Dr. Craig: No. We still want to isolate a sick or suspected ill animal as soon as possible. We can always put them back in their original spot, but limiting contact with the rest of the herd/premise is the best first step. However, a fully vaccinated horse will be a lower risk for transmission than a naïve animal, so keeping those vaccinations up to date are the best management tool for overall disease reduction.

Why is respiratory disease so easily transmissible between horses?

Dr. Craig: The way we manage and house horses today lends itself to a rapid spread amongst a population. Gone are the days when horses were continually moving to new grazing areas and had the benefit of clean environments almost daily. Transportation of animals amongst different locations also plays a large role. Racetracks have a constantly evolving population which lends itself to disease transmission.  Respiratory diseases can be transmitted a few different ways:

  • In a stalled situation, those pathogens can be transmitted via aerosols (coughing, sneezing), personnel moving between animals, or common items such as tack, buckets, or even brushes.
  • Out on pasture, nose to nose contact is probably the most common scenario, but aerosols, water sources, feed troughs, and personnel can still play a significant role.

What are some basic things horse owners can do to prevent outbreaks from these types of respiratory infections?
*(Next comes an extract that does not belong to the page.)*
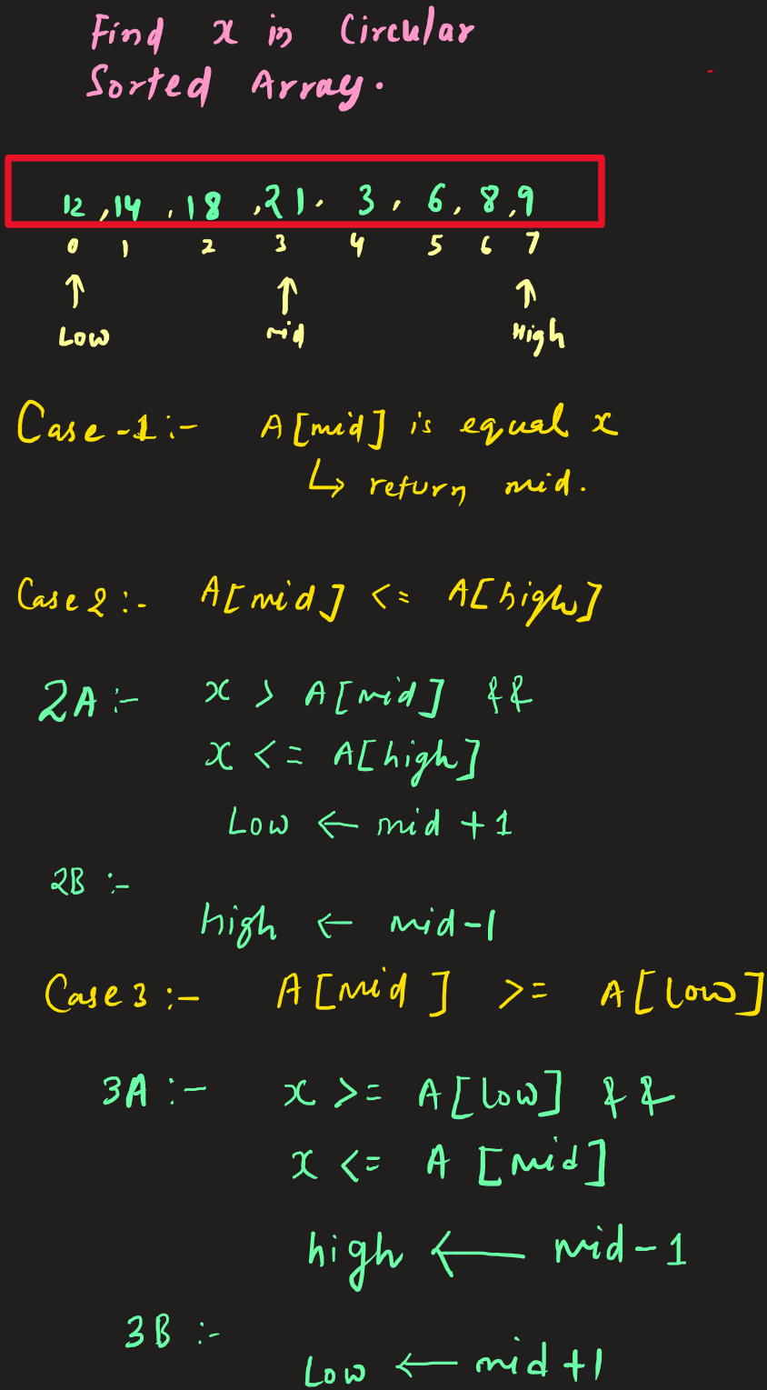 Circularly sorted array means a rotated sorted array. Find index of 8 in [12, 14, 18, 21, 3, 6, 8, 9] array.

Dr. Craig: First and foremost is to keep the overall herd and individual health at the highest plane possible through a proper nutrition program, regular deworming, and an appropriate vaccination schedule. The environment we keep our horses in can play a big role as well, fresh air and clean living spaces being a fundamental part of this. Anything we can do to reduce the stress level also goes a long way in reducing disease. This is especially true when transporting them. Frequent breaks, access to water, and good air flow are all keys when trailering. Lastly, a biosecurity program for the farm or stable is necessary to avoid the introduction and spread of disease. This can be done in conjunction with their veterinarian and can make a huge difference in disease incidence and spread.